UNA TARDE DE INVIERNO por Maxpen
Corría una tarde de invierno, el cielo estaba nublado, desde
el atrio de mi casa observaba el viento que soplaba, la lluvia era inminente,
por la calle miraba como los vecinos se preparaban para la tormenta, muchas
parejas corrían para llegar a sus casas antes del chaparrón.

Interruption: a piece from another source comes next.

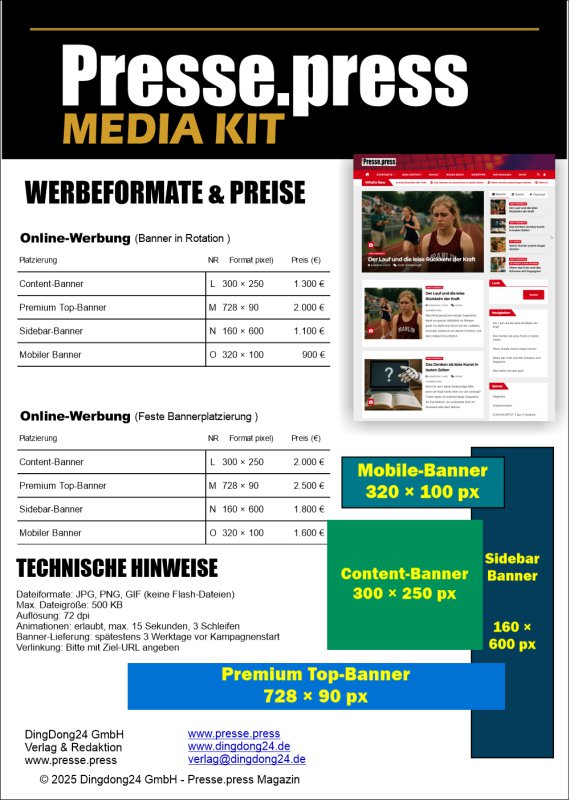 Ihre Werbebanner in einem hochwertigen redaktionellen Umfeld – einfach, flexibel und sichtbar.

Después de terminar mi carrera decidí pasarme un año ayudando
a mis padres en su negocio, antes de contratarme para una empresa, a mis 22 años
la vida es tranquila y gracias a Dios mis padres me han apoyado mucho, soy hijo
único y mis obligaciones consisten en abrir la tienda y cubrir el turno de la
mañana, por las tardes mi padre se hace cargo y mi madre se dedica ha realizar
las cuentas en su oficina, yo en cambio camino visito a mis amigos o me dedico a
disfrutar mi pueblo.
De pronto estaba en mis pensamientos, cuando oí el timbre,
eran mis tías Karime y Malena, dos hermanas de mi madre, solteras las dos, de 40
y 46 años, que acostumbraban los jueves tomarse el café, por lo que pasaban por
mi madre a las siete, eran las cinco.
-¿tías? Mi madre no esta.
-No es que con eso de la tormenta, mejor nos adelantamos,
como nosotras no manejamos.
-Pásenle –mientras les daba el acostumbrado beso-
Karime venia con su típica minifalda a media pierna, y su
blusa pegada, mientras que Malena –ahora mas delgada- traía un pantalón amplio y
su chaqueta no mostraba nada de su cuerpo, incluso al darme el beso tenia
cuidado en que no fuera a ver su camisa.
Las invite a pasar a la sala, nos sentamos, -mientras
observaba los grandes pechos de Karime- yo me acomode placidamente, mis tías
empezaron a platicar entre ella, les dije:
-Si quieren le hablo a mi mama, para que sepa que ya estan
aquí
-No te molestes, se trata de no presionarla
-No es problema –las nalgas de Male a pesar del pantalón eran
grandiosas-
-Que termine sus cosas, total ella trae el coche y no se moja
-Tienen razón
El clima presagiado era realidad, la lluvia de invierno
arremetía contra el techo, su ruido peculiar era nuestro compañero. Note que mi
tía Karime que esta enfrente de mi, cruzaba varias veces las piernas como si
estuviera nerviosa, sus movimientos –lentos-, me mostraban sus bien cuidadas
piernas, así como un tanguita de color rojo que al moverlos dejaba ver, mi
aparatito reaccionaba, al principio lentamente, pero su nerviosismo me
transmitía tensión por lo que se endureció rápidamente, desgraciadamente yo
traía un bóxer amplio por lo que mi pantalón parecía volcán en erupción.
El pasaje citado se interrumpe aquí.